(PROMPT) The part below that opens with the line containing "3年生 リコーダーの響き(2組 10月17日)" and closes with the line containing "新しいALTの先生とのはじめ" should be copied exactly, minus any pictures.

*** INPUT Section Begins ***

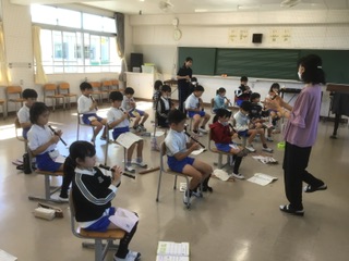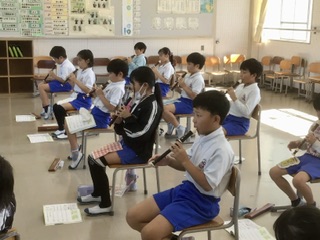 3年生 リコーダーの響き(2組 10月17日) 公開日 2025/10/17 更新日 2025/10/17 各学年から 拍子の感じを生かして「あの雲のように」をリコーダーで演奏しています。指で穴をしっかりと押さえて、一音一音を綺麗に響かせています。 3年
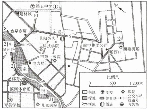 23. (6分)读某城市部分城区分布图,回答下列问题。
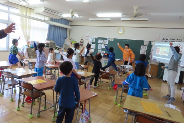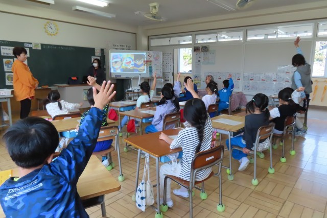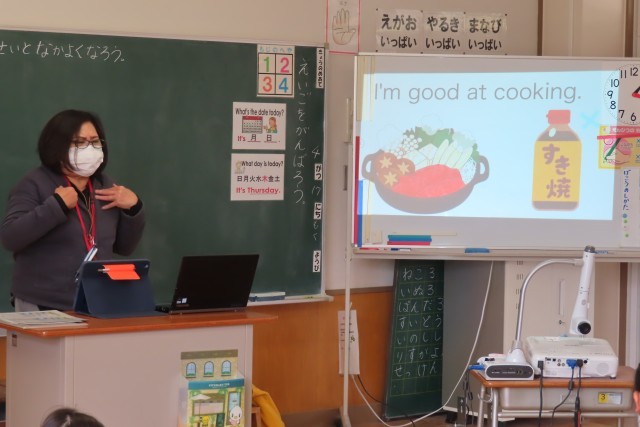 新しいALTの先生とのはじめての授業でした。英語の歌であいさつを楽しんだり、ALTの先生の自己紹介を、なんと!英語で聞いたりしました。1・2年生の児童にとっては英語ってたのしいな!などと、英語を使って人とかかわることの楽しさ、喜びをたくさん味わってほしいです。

*** INPUT Section Ends ***
*** INPUT Section Begins ***

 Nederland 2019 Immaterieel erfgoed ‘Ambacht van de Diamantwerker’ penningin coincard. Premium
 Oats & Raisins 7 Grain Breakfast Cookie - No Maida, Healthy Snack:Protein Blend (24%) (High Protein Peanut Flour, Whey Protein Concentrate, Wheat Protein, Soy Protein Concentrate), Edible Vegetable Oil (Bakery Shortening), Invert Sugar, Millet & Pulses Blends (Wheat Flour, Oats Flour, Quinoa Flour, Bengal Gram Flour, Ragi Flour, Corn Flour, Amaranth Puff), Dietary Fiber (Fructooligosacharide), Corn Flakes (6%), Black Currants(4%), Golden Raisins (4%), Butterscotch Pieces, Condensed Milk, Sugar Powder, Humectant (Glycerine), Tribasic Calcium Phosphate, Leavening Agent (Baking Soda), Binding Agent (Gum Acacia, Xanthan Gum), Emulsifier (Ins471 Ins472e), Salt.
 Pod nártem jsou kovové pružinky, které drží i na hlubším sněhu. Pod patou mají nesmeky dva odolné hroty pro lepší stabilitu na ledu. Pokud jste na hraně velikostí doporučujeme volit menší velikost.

*** INPUT Section Ends ***
*** INPUT Section Begins ***

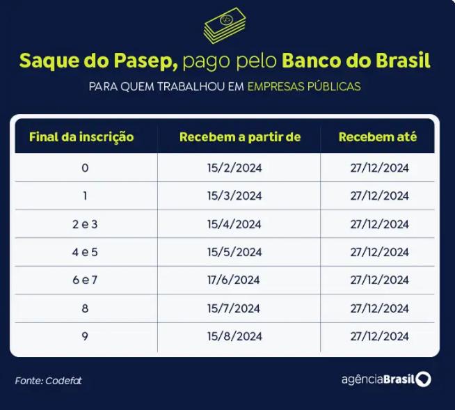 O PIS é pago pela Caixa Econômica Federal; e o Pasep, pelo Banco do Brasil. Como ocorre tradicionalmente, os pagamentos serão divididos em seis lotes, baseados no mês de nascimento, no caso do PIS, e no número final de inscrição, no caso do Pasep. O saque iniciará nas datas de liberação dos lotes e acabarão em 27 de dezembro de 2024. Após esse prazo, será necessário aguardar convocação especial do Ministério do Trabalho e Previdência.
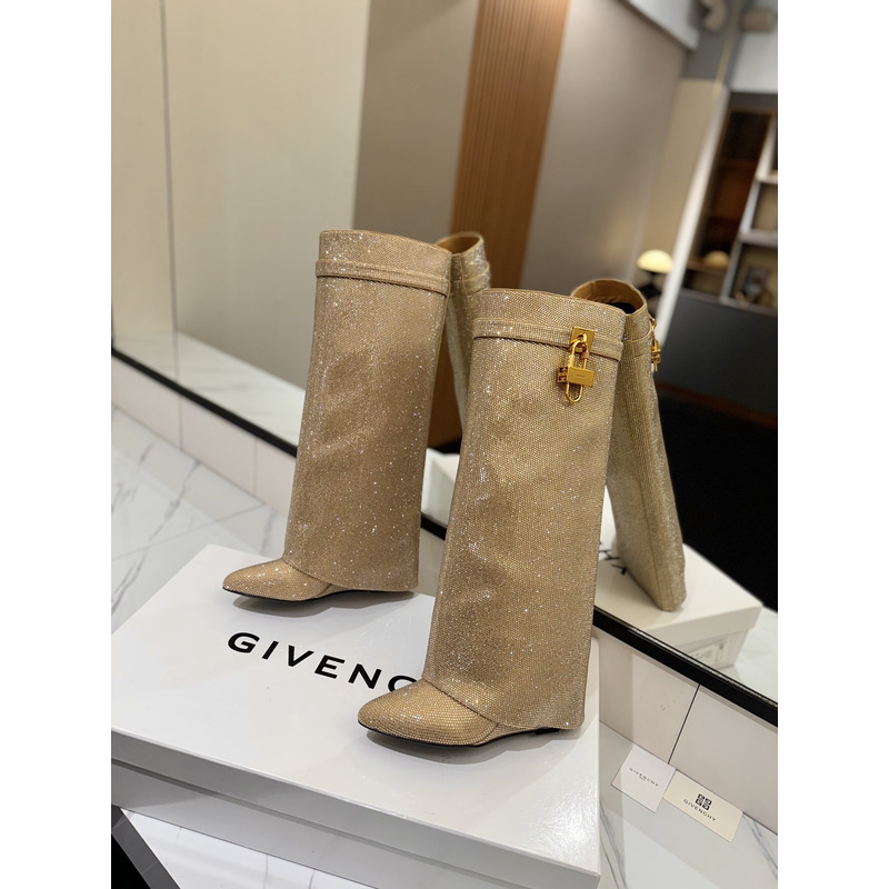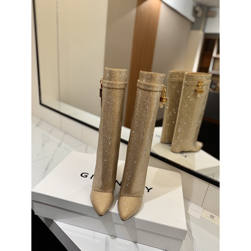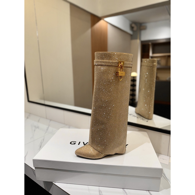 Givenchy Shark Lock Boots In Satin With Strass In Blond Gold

*** INPUT Section Ends ***

(OUTPUT OF THE TASK)
 3年生 リコーダーの響き(2組 10月17日) 公開日 2025/10/17 更新日 2025/10/17 各学年から 拍子の感じを生かして「あの雲のように」をリコーダーで演奏しています。指で穴をしっかりと押さえて、一音一音を綺麗に響かせています。 3年
 23. (6分)读某城市部分城区分布图,回答下列问题。
 新しいALTの先生とのはじめての授業でした。英語の歌であいさつを楽しんだり、ALTの先生の自己紹介を、なんと!英語で聞いたりしました。1・2年生の児童にとっては英語ってたのしいな!などと、英語を使って人とかかわることの楽しさ、喜びをたくさん味わってほしいです。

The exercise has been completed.